Measurement—Not Money—Is the Key to PPC
Time and money—two things we all would like more of. They also are two key ingredients lacking from most pay-per-click (PPC) SEM programs, according to a recent study conducted by consultancies the e-tailing group and NetElixir. The 1st Annual E-tailer PPC Stress Study found that when asked about the one thing their organization could do to improve PPC management, respondents were vocal about their desire for “more robust management,” citing such needs as “more people and more time to manage campaigns,” “more resources in place to manage in more depth,” “more time … for strategy and development of campaigns,” and the ability to “dedicate a full-time resource to understanding about PPC.” But PPC programs can be successful with the smallest staffs and the most limited budgets if you have taken the time to set up clear measurement objectives and parameters, stresses Udayan Bose, founder and CEO of NetElixir.

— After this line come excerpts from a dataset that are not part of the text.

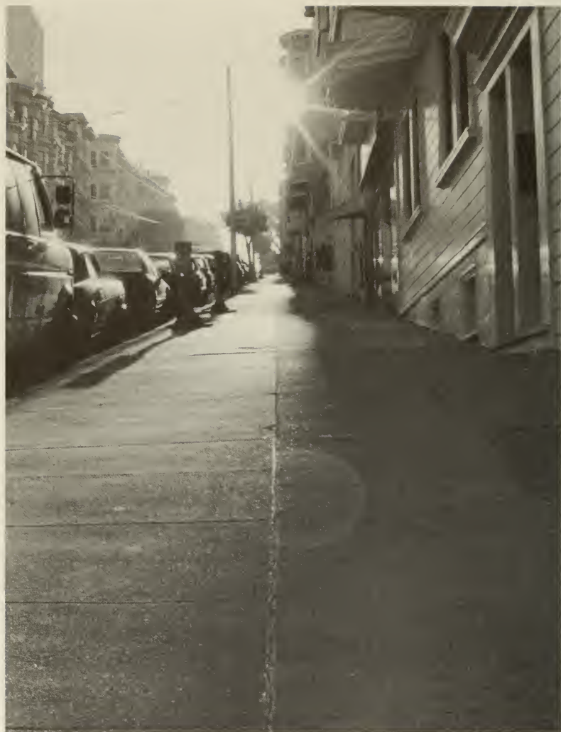
Sunset Boulevard Des Purcell
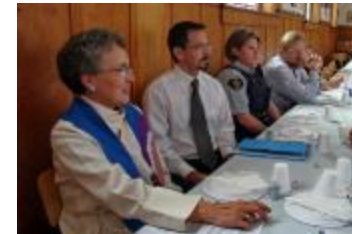
Some representatives of the church and government (38f-c001524-d0006-001)
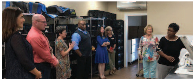
The Legacy Class tours the MACOA Kitchen to learn more about the Meals On Wheels program.
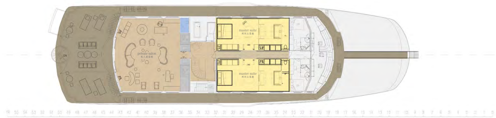
310 sqm 米 Bridge Deck 船桥甲板
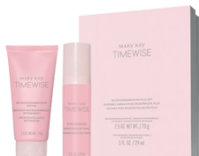
Microdermabrasion Plus Set $58
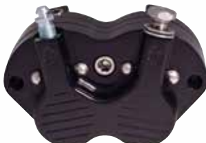
Radial w/o ears
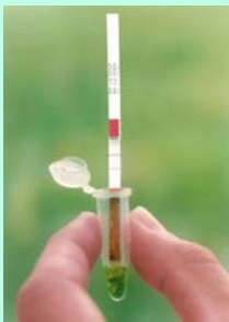
Insert QuickStix Strip
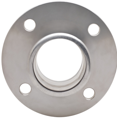
Flanschadapter I PN16.
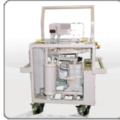
LP GAS RECOVERY
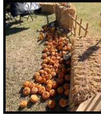
The Pumpkin Patch!
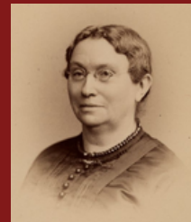
Dr. Hannah E. Myers Longshore Abolitionist, first woman physician in PA

Honoring a family of trailblazing women:
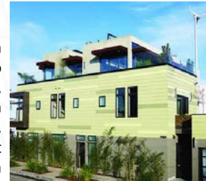
San Francisco Idea House, Mission District, 25 th Street @ Alabama

“The most important thing any marketer can do is ensure that she has a very clear performance measurement program set in place. It can be a very basic tool like Google Analytics, or a more evolved one like Omniture, but whatever is being done has to be measured,” says Bose.
“Online advertising needs to be managed every second … especially when you are in very competitive categories, like online retail, financial services or travel. But obviously that doesn’t make sense economically.” Instead, Bose suggests marketers make the most of even very small PPC budgets by moving slowly and measuring carefully along the way to determine the amount of program management that will deliver the best ROI.
“It takes about three to six months to determine what the best combination will be,” advises Bose. “Start slow, make an individual responsible for measurement, and watch how much you are spending and what you are getting—that can be revenue, number of units, average order, whatever you want to measure. When you find that the revenue allows you to break even, you know you are on the right track.”